Hi there! My name is Alison Weiss, and I am a rising senior at Amherst. This summer, I am working at CERN, the European Organization for Nuclear Research, in Geneva, Switzerland. As a physics and computer science double major, it is exciting to be spending the summer at the place where both the Higgs boson was discovered and the World Wide Web was invented.
CERN, the largest particle physics laboratory in the world, is a different scientific environment from my past research experiences, which have been in smaller college and university labs. At Amherst, I work in Professor Hunter’s atomic physics lab. I joined the lab remotely for SURF the summer after my first year, and I will continue to work in the lab for my senior thesis. I have also worked in Professor Rechtsman’s group at Penn State, researching topological photonics. For my final college summer, I wanted to gain exposure to a different subfield of physics, and to a different style of research. Getting to live in Switzerland is the cherry on top.
I am a member of the University of Michigan’s CERN REU program, which allows 15 American undergraduates to participate in CERN’s summer student programme. In addition to the Americans, there are about 300 international summer students. So far, one of the biggest perks of the program has been getting to know the other summer students. We are paired with research groups scattered throughout CERN, but many of us live in the same building. We also attend a morning lecture series together. The topics range from particle physics to statistics, and are presented by leading experts in each field.
To really bring home my point that CERN is big, out of the hundreds of summer students, I am the only one working on my collaboration. I work in CERN’s Antimatter Factory, on The Atomic Spectroscopy And Collisions Using Slow Antiprotons (ASACUSA) experiment. One of the biggest unanswered questions in physics is why the universe has so much more matter than antimatter, when theories predict them to be in equal proportion. This discrepancy is called the Baryon Asymmetry. Antimatter is studied to try to unravel this mystery.
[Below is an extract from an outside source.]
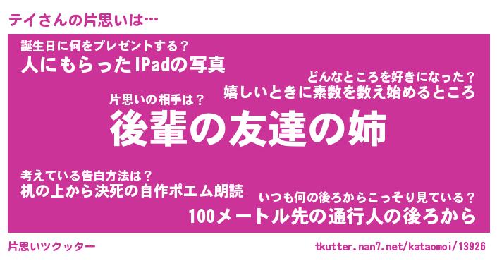 | ヘコむあだ名 | 『テイっふぃ~』『なまこ酢』 |

ASACUSA’s goal is to measure the hyperfine structure of antihydrogen for comparison with hydrogen’s hyperfine structure, which is very precisely known. Currently, the collaboration is working to increase antihydrogen production. My project is to simulate and analyze antihydrogen annihilation patterns within ASACUSA’s apparatus. Understanding the annihilation patterns is important for interpreting our experimental results and optimizing our experimental set-up. In addition to my programming-heavy project, I regularly get to lace up my steel-toed safety shoes and don my dosimeter to assist with the physical apparatus on the Antimatter Factory floor.
I am hopeful that I will be able to make a tangible contribution to the ASACUSA collaboration this summer, and I am certain that I will learn a lot about particle physics. Outside of my research, I plan to take advantage of my time in Europe. While I am busy with physics during the week, I am free to travel during the weekends. So far, I have swum in Lake Geneva, Lake Annecy and the Mediterranean Sea, attended Fête de la Musique and Geneva’s street food festival, hiked in the Alps by Chamonix-Mont-Blanc, and climbed Roman amphitheaters in Lyon. The first few weeks have been incredible, and I’m so excited for the rest of the summer!